Sono appena tornata dal Centro di riabilitazione che segue Diletta. Mentre attendevo che mia figlia facesse la sua terapia ho incrociato lo sguardo con un’altra mamma. Una mamma stanca, con gli occhi spenti.
Ho iniziato a parlare con lei raccontando, come succede, un po’ della mia storia. Così ad un certo punto lei è esplosa. Vive in un residence del comune, un “buco” (così lo ha chiamato lei) di 30 mq assegnato dopo essere stata accolta in una casa famiglia con i suoi tre figli di 11, 7 e 3 anni. L’ultimo autistico.
Ha iniziato a gridarmi il suo dolore per essere stata licenziata a fine contratto. Per non avere di che fare la spesa. Per vedere suo marito lavorare giorno e notte per venti euro. Poi le ho chiesto: “come mai vi siete ritrovati in questa situazione?“. I suoi occhi hanno cambiato luce, entrando nella via del ricordo.
Mi ha raccontato che anni fa avevano una casa piccola e carina, un mutuo che pagavano sempre, un piccolo ristorante in società con un parente e tutto andava bene. Un bel giorno scoprono che questo parente aveva combinato tanti guai. La società fallisce portandosi dietro suo marito e tutta la famiglia. La casa pignorata poi va all’asta, il locale segue la casa. Nasce il terzo figlio e lei partorisce dentro la casa famiglia. Accolta con i bambini mentre il marito resta fuori.
Parlavamo ancora quando la terapista conduce a lei un bimbo di tre anni tenerissimo. A questo punto lei si mostra preoccupata. 32 gradi fuori e due ore di autobus per tornare a casa. Le chiedo se le fa comodo fare un pezzo di strada insieme per farle prendere solo un mezzo e non tre. Lei si commuove. Io pure. Saliamo in macchina con Diletta e i nostri due amici. Un percorso imbarazzato e angosciato perché sento il dolore e la vergogna per un bimbo (e per tutti gli altri) che rientra in un residence senza avere certezza di cenare, trovando due fratellini che nessuno invita mai. Bambini ai quali non è consentita la gita scolastica, non è consentito l’invito alla festa di fine anno.
Bambini di serie B diventati di serie C con un fratello autistico al seguito. Discriminata la madre che nessuno fa più lavorare (e so bene cosa si prova!), discriminata l’intera famiglia che è andata ad arricchire la povertà. Un bambino disabile sotto il sole, cui è stato rifiutato il trasporto del comune perché (è stato detto alla sua mamma): “suo figlio cammina!”. Un’immagine che mi ha distolto dal mio mondo. Una sensazione che voglio rendere una opportunità.

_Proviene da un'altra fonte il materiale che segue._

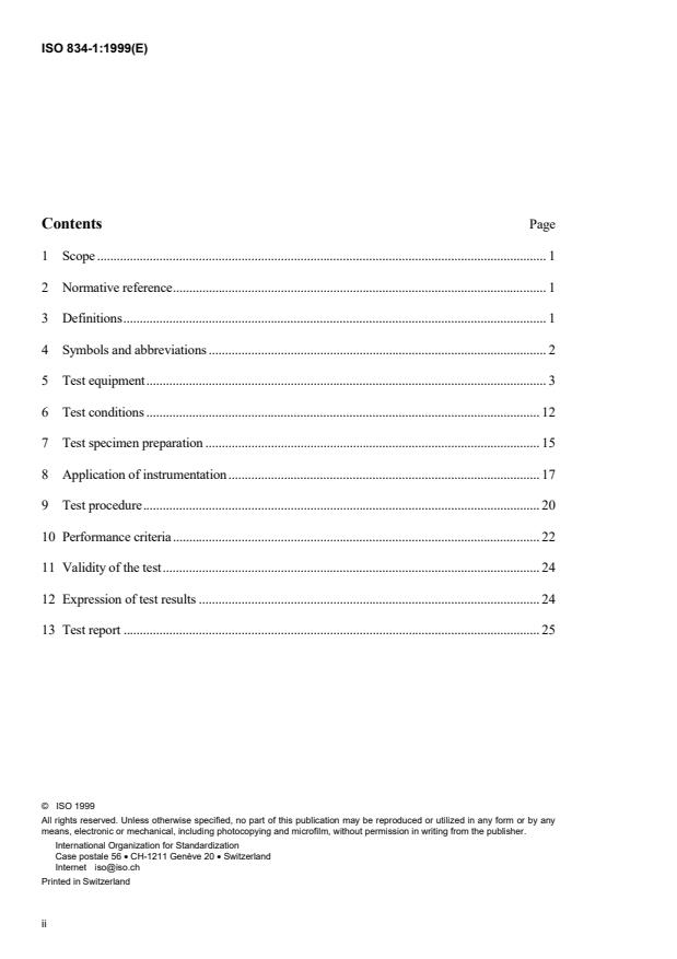 ISO 834-1:1999 is a standard published by the International Organization for Standardization (ISO). Its full title is "Fire-resistance tests - Elements of building construction - Part 1: General requirements". This standard covers: This part of ISO 834 specifies a test method for determining the fire resistance of various elements of construction when subjected to standard fire exposure conditions. The test data thus obtained will permit subsequent classification on the basis of the duration for which the performance of the tested elements under these conditions satisfies specified criteria.
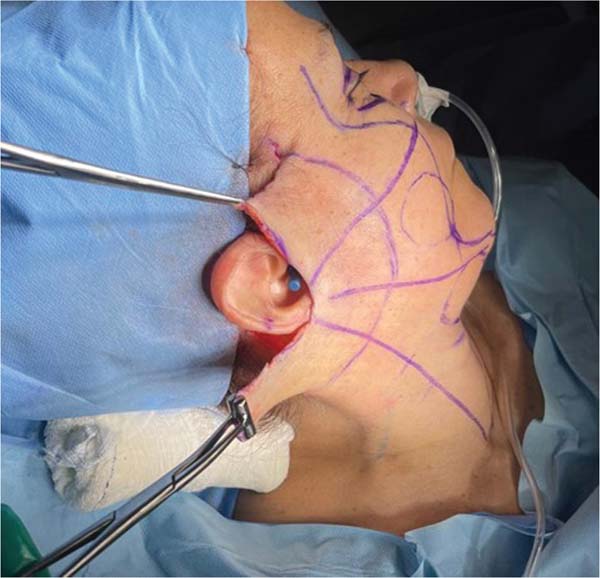 1. Antissepsia e marcação bilateral característica do facelift eutrófico.
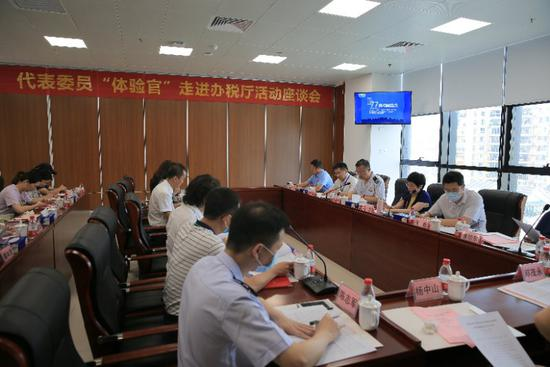 深圳市税务局积极搭建与人大代表、政协委员的沟通桥梁,图为代表委员“体验官”走进办税厅座谈会现场。

Una riflessione comune di un dolore immenso. Tre mesi di scuole chiuse per chi ha difficoltà economica equivalgono a rendere famiglie già in ginocchio, completamente sdraiate. A danno dei bambini. Saish (assistenza domiciliare) ridotto all’osso, centri estivi irraggiungibili per via della soglia Isee e delle liste d’attesa, servizi per bambini costosi e carenti e se poi questi bambini sono disabili i servizi diventano assenti come le istituzioni che onde evitare guai vanno in ferie prima di tutti.
Le poche eccezioni di merito non bastano.